Legal products that mimic the high given by smoking cannabis are set to be banned for under-18s.
Associate Health Minister Peter Dunne today signalled the Government will tighten up its controls on synthetic "cannabinoid" substances.
Products such as "Spice", Kronic", Aroma" and "Dream", which are widely available from 'party pill' outlets, online retailers and an increasing number of dairies and convenience stores, would be illegal to sell to anyone under 18.
Restrictions on where products can be advertised and what outlets can sell them are also likely to be imposed.
Mr Dunne said the decision was made on advice from an Expert Advisory Committee on Drugs.
It had concluded synthetic substances with similar effects to cannabis should not be widely available without restrictions on their packaging marketing and sale, he said.
"I fully agree.
"The legislation will allow the Government to put in place controls to prevent the sale of these products to young people, aggressive marketing and generally cut their widespread availability.
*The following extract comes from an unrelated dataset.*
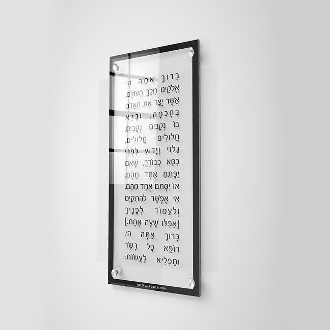 We love design. We love lucite. Our exclusive Waterdale Judaic Lucite brand began as a personal home decor project. As a designer, I always loved lucite. Lucite has rich qualities of crystal clear, more versatile than glass, and blends seamlessly into decor. After completing lucite plaques for large events, I thought - ''Why not bring the modern beauty of lucite and timeless Judaica to my home!'' Much personal planning went into the design of our first two Floating Lucite Judaic Arts, our original Floating Lucite (Acrylic) Asher Yatzar & Lucite Al Hamichya. The content, design, quality and functionality was hemmed and hawed on. Then it went up. After receiving comment after comment on my newest Lucite addition to my home, then begging and pleading of, ''Can you please make me one like that,'' our brand, Waterdale Lucite Collection was born. Judaic art has always been synonymous with heavy, traditional art. Waterdale Lucite set out to change that. Judaic art in Lucite keeps our traditional blessings we know, yet gives them a modern touch for every home. Moving on from our original two lucite arts, we developed more stunning lucite arts, each crystal clear, luxury thick, reflective polished edge lucites (acrylic), and frosted lucites for our more practical cards to make it beautiful, yet ever so practical and easy to use. Enjoy our Lucite Asher Yatzar, Lucite Al Hamichya, Lucite Benchers, Lucite Hadlokas Neiros, Lucite Birchas Habayis, Lucite Birchas Haesek, Lucite Eishes Chayil, Luicte Tabletop Al Hamichay, Lucite Hafrashas Challah, Lucite Modeh Ani, and Lucite Shema. We don't stop brainstorming and creating yet more uses for this ever so practical thing called Lucite. Join us on our decor project as we make every part of your home useful, practical, and yet timelessly beautiful. Lucite is a high quality, trademarked version of acrylic resin developed by DuPont in 1937. Acrylic plastics can be used as replacements for glass in many products, with varying degrees of visual and constructive qualities. Lucite is an acrylic plastic resin used primarily in fashionable interior and furniture design due to its strength, crystal transparency, and flexibility along with its resistance to UV rays, wind, and water.

Mr Dunne said all synthetic substances with "cannabinomimetic effects" would be restricted under the Misuse of Drugs Amendment Act 2005.
An amendment Act, which allows hazardous substances to also be classified as restricted substances must be passed for that to happen, he said.
The bill is currently before Parliament awaiting its second reading.
"In the meantime, I am putting traders in these products on notice that it is irresponsible to market, sell or offer to sell to anyone under the age of 18.
"My advice for anyone considering using any unregulated substance is to avoid them completely."
Cannabinoid products are identified as 'herbal smoking blends' or 'legal highs'.
The products contain vegetable matter that has been treated with synthetic substances so they produce psychoactive effects similar to those of cannabis when smokes.